Did you hear this from a credible source? If true, it sounds like a brain-dead decision equivalent to the crippling of revision tracking in Word XP, but it's so radically out of touch with reality that I hesitate to accuse even Microsoft of such lunacy. <g> Or perhaps Microsoft has finally come up with the holy grail of search engine technology, and developed a search tool that can parse the documentation and figure out context?

I'm not up on the state of the academic art of artificial intelligence, but nothing I've read in the popular science press suggests that this kind of conceptual breakthrough is imminent. With modern technology, you can go quite a long way with stemming, exact vs. close matches, synonyms, proximity searches, and careful use of boolean terms (and, or, not), but this is way beyond the skill level of most computer users.

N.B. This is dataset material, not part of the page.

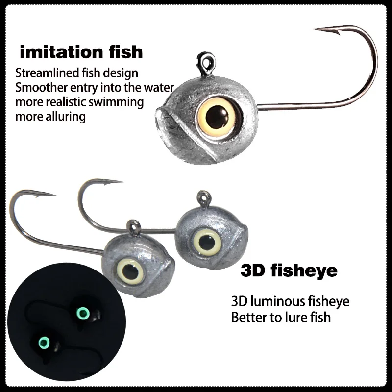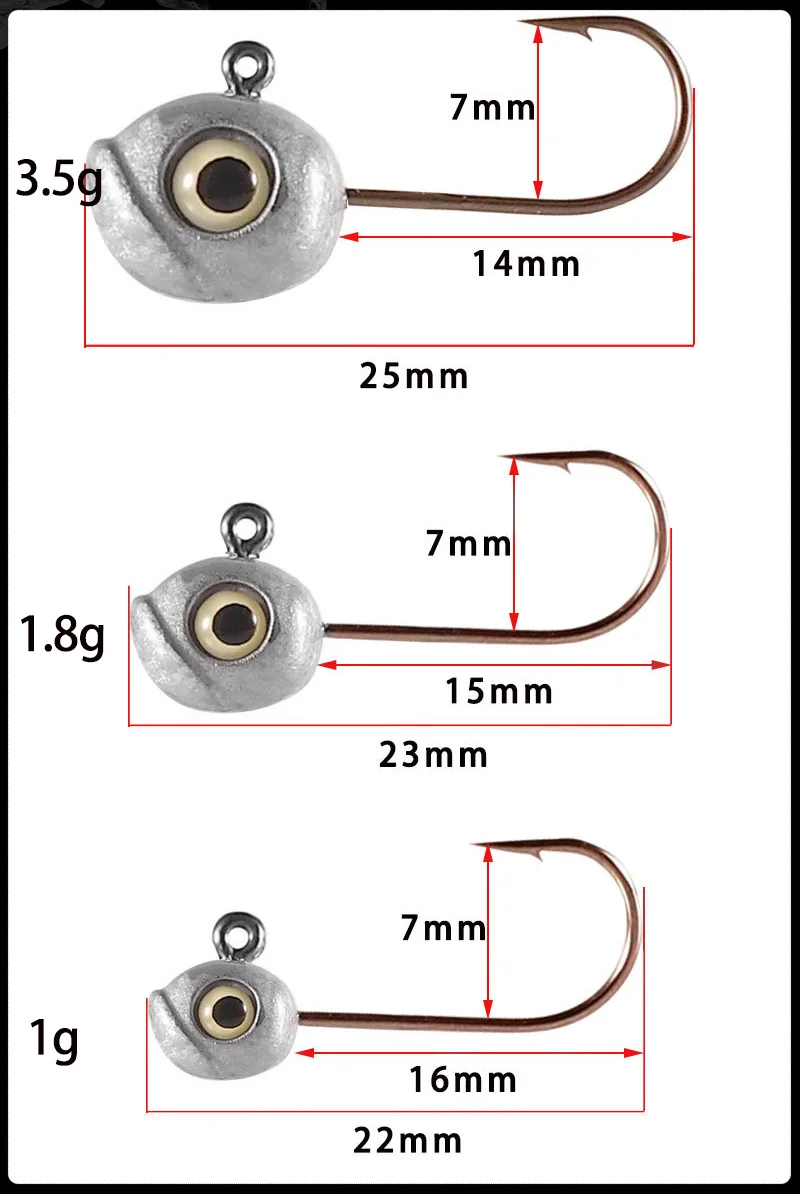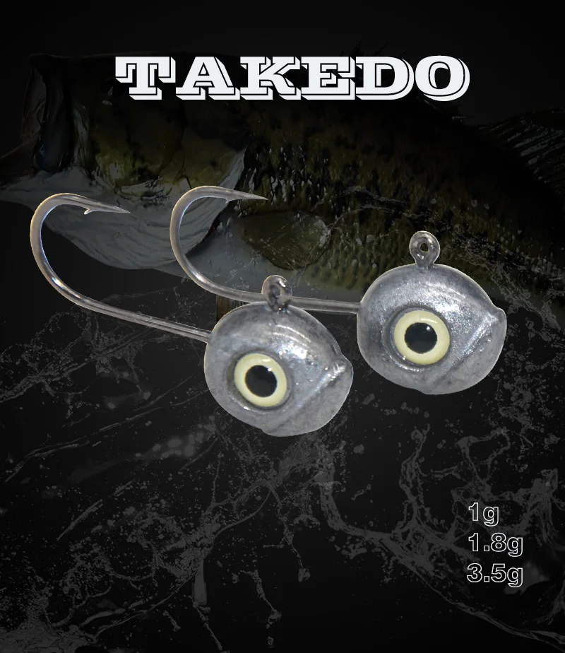 TAKEDO, 10 Uds., anzuelo de hielo con cabeza de anzuelo, 1G, 1,8G, 3,5G, plantilla con cabeza de ojos de pez, microobjetos con cebo suave, ganchos de Metal para lubina, trucha, Lucio

<<I have also heard that this is not a final final decision but that it is likely to be passed (I got this info in a seminar attended given by Weilenski (sp?) of WritersUA)>>

If that's correct, it's time we stood up for the users of our help systems and insisted that Microsoft include indexing and TOC capabilities in their help technology. If the search tool is so great, maybe these will be _less_ necessary, but until the new technology is proven to be even half as good as Microsoft thinks, I think it's a disastrous decision to remove two proven tools from our toolkit.

Any Microsofties out there who can tell us how to make our voices heard? Char, do you have the ear of anyone at Microsoft willing to listen to us?

<<At any rate, I do get complaints from time to time from users, that thus and so is wrong in the index, or that so and so should be in the index, etc, which says to me that at least some of our users use the index.>>

This follows my feelings. Indeed, I rarely find what I'm looking for using the search tools built into modern software, and have a much higher success rate when I have access to a half-competent or better index. That might be a criticism of my search skills, but given that I'm quite successful with judicious tweaking of Google, I'm not prepared to concede that point.

<<Moreover, our training personnel and professional services (support) personnel have requested that the TOC be reorganized based on customer comments/confusion.>>

By any chance are you generating the TOC automatically rather than designing one that supports the user's needs? Intelligent design of the topic titles and hierarchy can make an automatically generated TOC an effective tool, and if yours isn't working, you need to reconsider both aspects of your TOCs.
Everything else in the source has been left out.